TASK GOAL | Check each line of the entries below for the word "while", and copy out the ones that have it.

SUPPLIED DATA |
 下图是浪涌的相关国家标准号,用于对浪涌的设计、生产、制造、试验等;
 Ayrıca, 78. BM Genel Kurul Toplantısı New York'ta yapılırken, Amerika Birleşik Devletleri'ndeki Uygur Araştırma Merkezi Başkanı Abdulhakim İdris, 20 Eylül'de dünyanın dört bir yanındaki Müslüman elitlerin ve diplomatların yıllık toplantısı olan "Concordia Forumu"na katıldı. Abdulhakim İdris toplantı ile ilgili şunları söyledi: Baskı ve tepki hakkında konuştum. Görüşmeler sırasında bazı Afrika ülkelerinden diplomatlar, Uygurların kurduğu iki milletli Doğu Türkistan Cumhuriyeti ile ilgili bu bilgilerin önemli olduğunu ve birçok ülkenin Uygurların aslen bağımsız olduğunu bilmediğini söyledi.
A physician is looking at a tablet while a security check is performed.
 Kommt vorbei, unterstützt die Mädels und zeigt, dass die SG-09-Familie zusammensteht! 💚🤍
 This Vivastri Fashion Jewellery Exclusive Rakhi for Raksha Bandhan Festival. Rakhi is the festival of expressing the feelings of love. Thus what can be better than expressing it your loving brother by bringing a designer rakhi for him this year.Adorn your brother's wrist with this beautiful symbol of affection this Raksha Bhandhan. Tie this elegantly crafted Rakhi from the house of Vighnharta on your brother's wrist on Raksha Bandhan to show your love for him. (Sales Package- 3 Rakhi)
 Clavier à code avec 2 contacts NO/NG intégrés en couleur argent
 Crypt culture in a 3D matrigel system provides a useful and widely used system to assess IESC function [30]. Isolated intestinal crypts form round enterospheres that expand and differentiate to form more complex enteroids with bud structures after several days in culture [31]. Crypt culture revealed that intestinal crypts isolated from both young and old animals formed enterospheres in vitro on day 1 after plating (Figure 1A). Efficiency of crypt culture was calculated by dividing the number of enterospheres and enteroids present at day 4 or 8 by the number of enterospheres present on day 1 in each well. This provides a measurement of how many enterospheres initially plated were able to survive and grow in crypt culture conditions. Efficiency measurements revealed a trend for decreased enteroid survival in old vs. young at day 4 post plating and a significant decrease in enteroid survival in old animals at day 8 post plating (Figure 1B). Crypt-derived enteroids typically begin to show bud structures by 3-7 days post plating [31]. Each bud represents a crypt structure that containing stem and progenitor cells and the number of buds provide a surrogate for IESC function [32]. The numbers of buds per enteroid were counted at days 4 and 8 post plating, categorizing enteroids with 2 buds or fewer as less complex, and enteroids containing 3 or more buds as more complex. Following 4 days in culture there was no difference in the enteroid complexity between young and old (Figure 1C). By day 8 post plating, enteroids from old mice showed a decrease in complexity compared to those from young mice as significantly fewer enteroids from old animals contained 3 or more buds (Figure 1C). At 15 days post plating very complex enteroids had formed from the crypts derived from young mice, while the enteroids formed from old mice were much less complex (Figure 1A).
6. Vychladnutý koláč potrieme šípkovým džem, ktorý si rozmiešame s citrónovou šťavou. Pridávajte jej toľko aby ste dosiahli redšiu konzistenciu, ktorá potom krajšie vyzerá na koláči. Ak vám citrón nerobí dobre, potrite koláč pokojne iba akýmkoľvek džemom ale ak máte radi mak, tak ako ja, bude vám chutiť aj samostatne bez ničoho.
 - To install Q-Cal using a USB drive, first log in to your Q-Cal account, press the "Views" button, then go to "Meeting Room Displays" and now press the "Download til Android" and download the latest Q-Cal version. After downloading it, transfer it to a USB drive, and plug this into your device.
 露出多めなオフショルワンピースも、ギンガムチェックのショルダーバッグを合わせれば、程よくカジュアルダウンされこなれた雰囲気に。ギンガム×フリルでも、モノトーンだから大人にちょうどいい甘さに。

EXERCISE RESULT |
A physician is looking at a tablet while a security check is performed.
 Crypt culture in a 3D matrigel system provides a useful and widely used system to assess IESC function [30]. Isolated intestinal crypts form round enterospheres that expand and differentiate to form more complex enteroids with bud structures after several days in culture [31]. Crypt culture revealed that intestinal crypts isolated from both young and old animals formed enterospheres in vitro on day 1 after plating (Figure 1A). Efficiency of crypt culture was calculated by dividing the number of enterospheres and enteroids present at day 4 or 8 by the number of enterospheres present on day 1 in each well. This provides a measurement of how many enterospheres initially plated were able to survive and grow in crypt culture conditions. Efficiency measurements revealed a trend for decreased enteroid survival in old vs. young at day 4 post plating and a significant decrease in enteroid survival in old animals at day 8 post plating (Figure 1B). Crypt-derived enteroids typically begin to show bud structures by 3-7 days post plating [31]. Each bud represents a crypt structure that containing stem and progenitor cells and the number of buds provide a surrogate for IESC function [32]. The numbers of buds per enteroid were counted at days 4 and 8 post plating, categorizing enteroids with 2 buds or fewer as less complex, and enteroids containing 3 or more buds as more complex. Following 4 days in culture there was no difference in the enteroid complexity between young and old (Figure 1C). By day 8 post plating, enteroids from old mice showed a decrease in complexity compared to those from young mice as significantly fewer enteroids from old animals contained 3 or more buds (Figure 1C). At 15 days post plating very complex enteroids had formed from the crypts derived from young mice, while the enteroids formed from old mice were much less complex (Figure 1A).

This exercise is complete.